US House asks what happens to face biometrics of 7M already registered with ID.me
The Chairwoman of the influential House Committee on Oversight and Reform has written a letter to the Internal Revenue Service (IRS) Commissioner requesting more information about how the agency plans to safeguard the biometric data of the seven million taxpayers who had already registered their face biometrics with ID.me, and the costs associated with what is stated as the IRS’s “about-face” on the $86 million contract with the private company. Meanwhile, a new fraud case shows flaws in ID.me’s systems.

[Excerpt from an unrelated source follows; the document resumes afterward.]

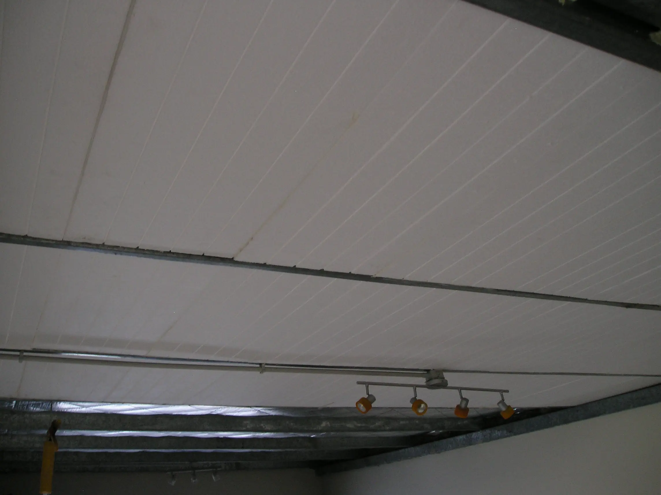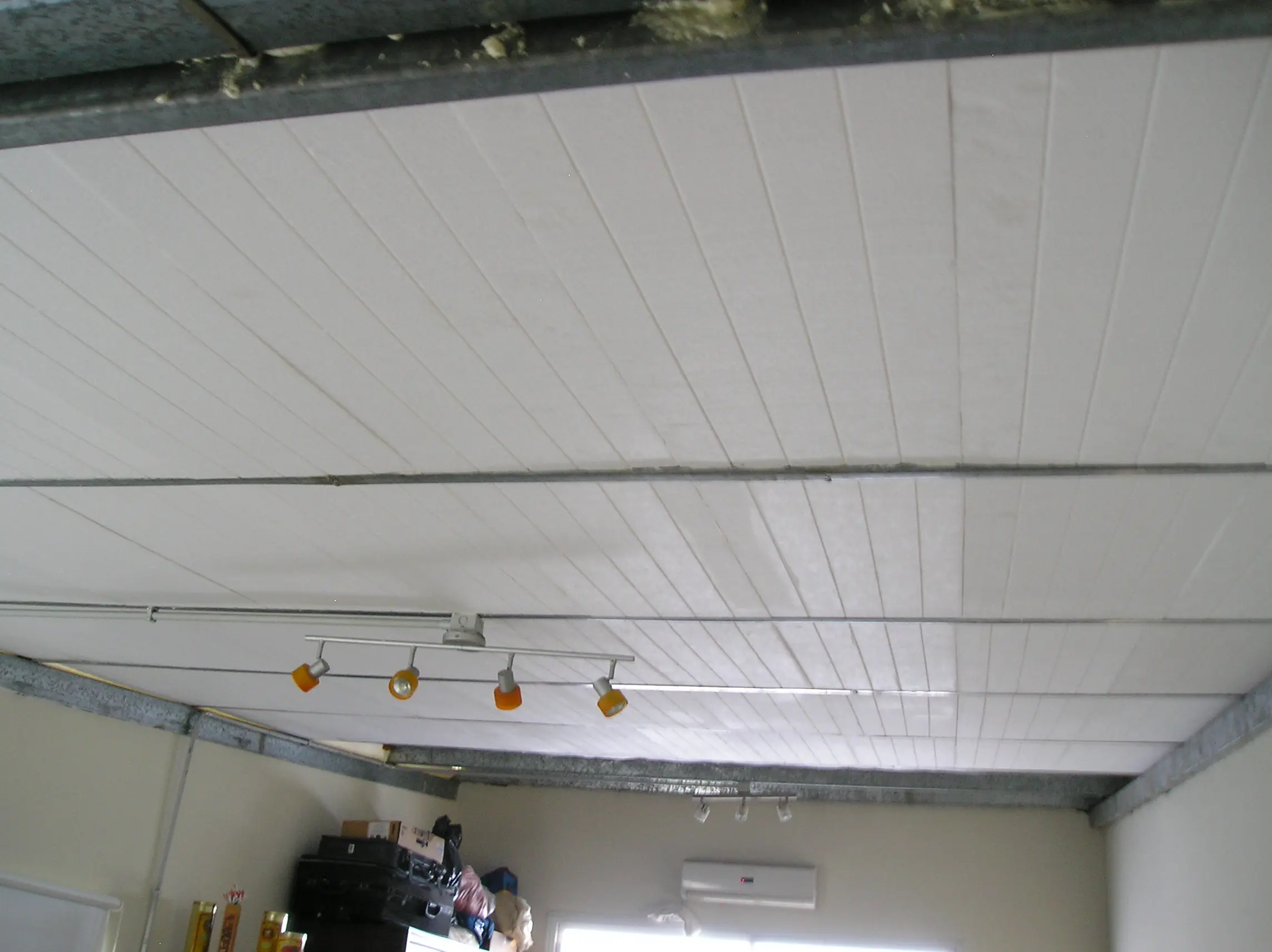 Vivo en un mono ambiente, tengo que aprovechar bien los espacios. por que sino la visual rápidamente se arruina!!! Mi techo es así.... Chapa con Aislante, estéticamente no esta tan mal. Pero en Verano de cocinas y en invierno te congelas, cuando llueve te cagas todo.... La lana de vidrio no alcanza.

The U.S. Treasury Department had been considering user authentication alternatives as of late January. The IRS had a briefing with the Committee on 4 February. A few days later the IRS announced a “transition away from use of third-party verification involving facial recognition” but now it appears the IRS had already been looking to cancel its two-year contract with ID.me.
Committee Chairwoman Carolyn Maloney wrote to Commissioner Charles (‘Chuck’) Rettig following the committee briefing with the IRS where she learned that seven million Americans had already been directed by the IRS to sign up for ID.me. Maloney is concerned that a third party, beyond the control of the IRS, has biometric data which can be held for seven years before the IRS can request deletion.
The IRS defended its selection of ID.me in the briefing, according to the 11 February letter, but Maloney also notes that the IRS “may have sought to terminate the contract” with ID.me, but were it to do so, millions of taxpayers’ biometric data could still be held by the company.
“I welcome your decision to reconsider the use of facial recognition technology, but I remain concerned about the ongoing impact on the millions of Americans who have already turned over their biometric data to a private company as well as the potential costs to American taxpayers given the agency’s about-face on this multimillion-dollar contract,” wrote Chairwoman Maloney.
Maloney notes the increased possibility of bad actors accessing biometric data if held for seven years, and that 13 percent of people trying to sign up for ID.me had encountered trouble and needed to be referred to customer service to undergo manual authentication via video call.
As the U.S. House of Representatives’ investigative committee, the Committee has the power to pursue a wide rand of issues and has set the IRS Commissioner a list of questions on how it intends to handle the fall out of the ID.me contract, to be answered by 25 February.
This follows a group of Republican Senators also writing to IRS Commissioner Rettig over similar concerns.
Biometric Update contacted ID.me for clarification on the extent of the cancellation as ID.me conducts other checks on registrants and has a two-year contract with the IRS. ID.me’s PR firm responded by simply referring all questions on the issue to the IRS. In what now looks like a last-ditch attempt to salvage the situation, ID.me, did announce a change to its offering to allow users to request their photos captured at sign up be deleted.
In the meantime, the IRS notice on the matter states that the IRS “will quickly develop and bring online an additional authentication process that does not involve facial recognition. The IRS will also continue to work with its cross-government partners to develop authentication methods that protect taxpayer data and ensure broad access to online tools.”
The notice also quotes Commissioner Chuck Rettig as saying: “The IRS takes taxpayer privacy and security seriously, and we understand the concerns that have been raised.
“Everyone should feel comfortable with how their personal information is secured, and we are quickly pursuing short-term options that do not involve facial recognition.”
Data gathering and scams
The Washington Post reports how a New Jersey man obtained multiple ID.me accounts via the face recognition route and was paid $900,000 in false unemployment payments from the State of California. While wearing a curly wig.
The report contains the multiple selfie photos and corresponding fake IDs the man submitted around the same day in December 2020 which were verified by ID.me, thus allowing him to make the fraudulent claims. The documents were evidence in a criminal complaint filed in December 2021.
The article also states that ID.me collects phone location records and uses software from data-mining company Palantir, yet the fraudster was still able to pass through authentication for multiple identities.